Not a musician? No problem.

This is where it gets really exciting. For those who haven’t toured and would like to, or those who just want to learn more, there is a huge void of practical knowledge of the touring industry. Lots of folks can play but only those lucky enough to have toured know how that side of the industry works.

Here are some ideas:

    • What to pack for a tour
    • Booking tips
    • Tour routing
    • Choosing venues
    • What you’re looking for in tour mates
    • Saving money while on the road
    • Effective rehearsal techniques
    • Stage presence for musicians
    • Mixing basics for musicians
    • Stage wardrobe dos and don’ts
    • Choosing & selling tour merch

For players who have the goal to go on tour, this will be incredibly valuable info, and no one’s really teaching it – most of us learn it live by making mistakes while on tour. This material also appeals to musicians on all instruments, even the weekend warriors who are just curious as to how it all works behind the scenes.

One thing’s clear: the riches are in the niches.

More things to consider…

Start where you are with what you’ve got. During this crisis, we’re obviously talking about virtual lessons. There’s tons of technology at your fingertips.

CASH:

PayPal works fine as a payment gateway. You can even set up an easy PayPal.me link (such as paypal.me/woodshed) for students to quickly and easily pay for your time and expertise.

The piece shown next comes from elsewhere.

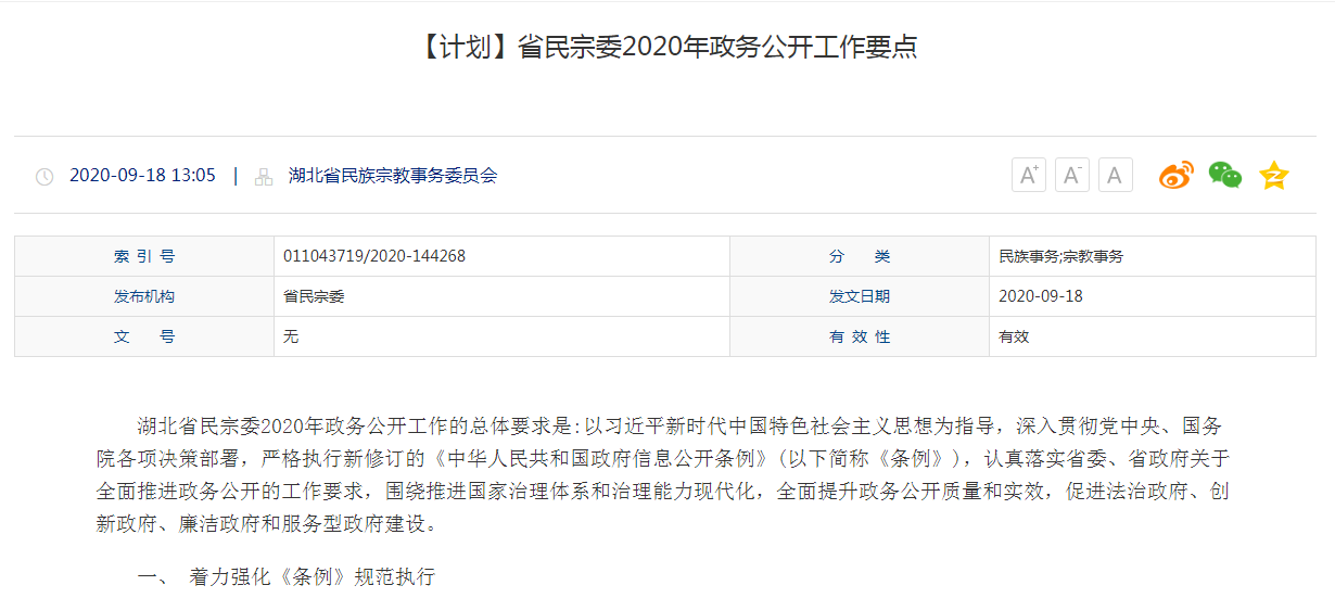 (二)规范政府信息管理。细化落实《条例》有关要求,修订完善了《信息公开指南》《湖北省民宗委政务公开实施办法》《门户网站信息审核发布规定》,制定下发了《2020年度政务公开工作要点》等规定规范。

Of course, lessons can be a good supplementary source of income for you, and Lord knows we need it in times like these. But you can also build your profile by making short lesson videos and uploading them to YouTube, Instagram, and Facebook and offering some great content for free. Giving away value helps position you as an expert and may entice students to pay for more in-depth and/or tailored content.

VIDEO:

Google Hangouts, Skype, even FaceTime work just fine. Make sure you get a small tripod to hold your phone if  you need a hands-free option. There’s always YouTube for free content, as well as the obvious social media platforms (IGTV, Facebook video, etc.)

BLOG:

Don’t neglect the written word as well. If you’re not blogging, you should be. Blogs still do great to drive traffic to your site if your SEO is done well, and help to position you as an expert in your field.

LOCATION:

Don’t neglect this. Assuming you’re filming in your home, pick a room with relatively little clutter and a neutral wall. If you can do it in your home studio or practice space, great. But if you need to do it in your bedroom or living room, take notice of your background. Pick a quiet corner or statement wall. Make sure you’ve got some natural light or soft lighting you can control. Make sure you can keep pets and housemates from barging in and keep outside noise to a minimum.

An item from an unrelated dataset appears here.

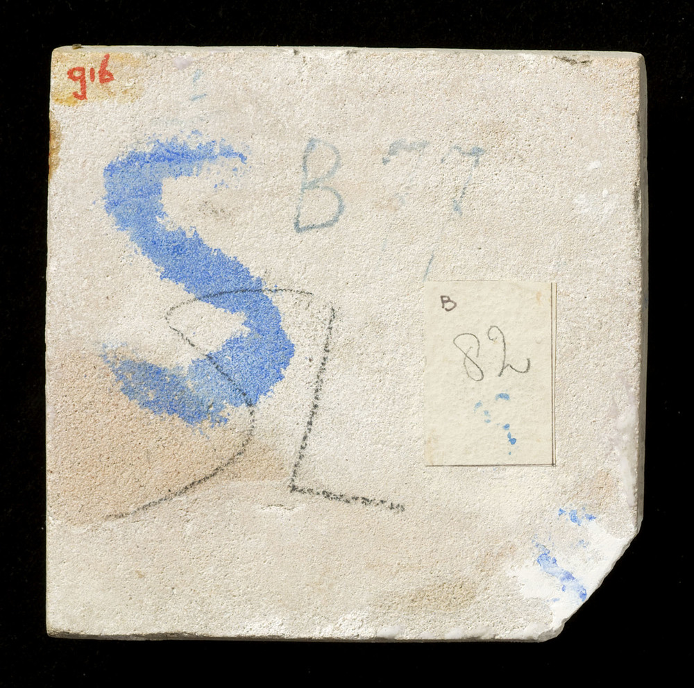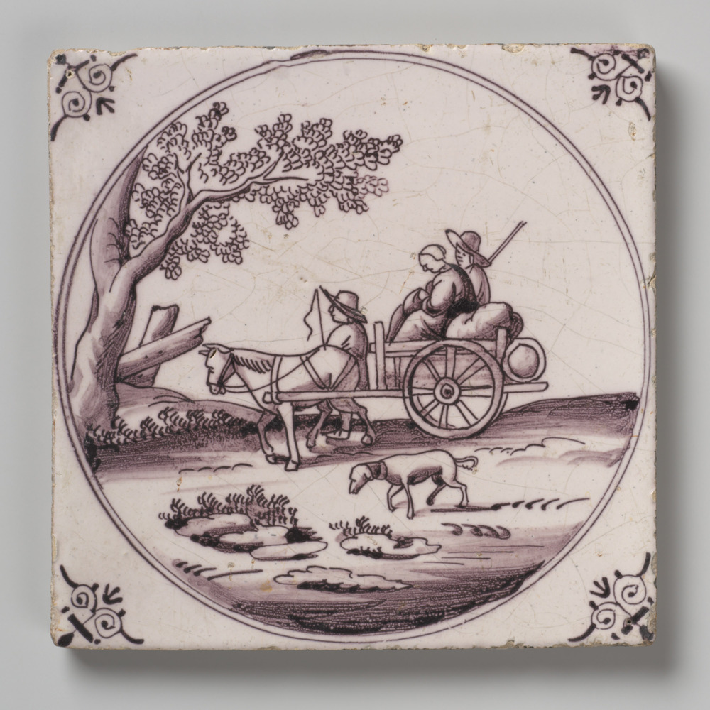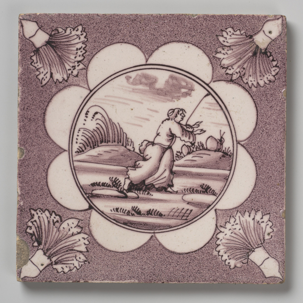 Tegel van keramiek met tinglazuur, voorstellende: wa...

(Again, a lot of this seems obvious, but it’s so often overlooked it’s worth mentioning.)

AUDIO:

While not everything needs to be studio-quality, low-quality audio takes you down a notch in the eyes of your viewer. If you’re just speaking, or you’re playing on a quiet instrument, your phone’s mic is probably fine. But for about $100 or less you can get a decent mic that will limit outside noise and focus on you. It’s usually best to keep instruments to low volume when you can to limit peaking and distortion.

Whatever you decide to teach and however you decide to deliver, teaching can be a rewarding way to take advantage of some of your downtime. It may give you a renewed sense of purpose, you may get a fresh perspective, and have some fun and even make some money in the process. It’s a win-win.

What will you create?

Who does a great job teaching in the music industry?

What sorts of things could you teach someone?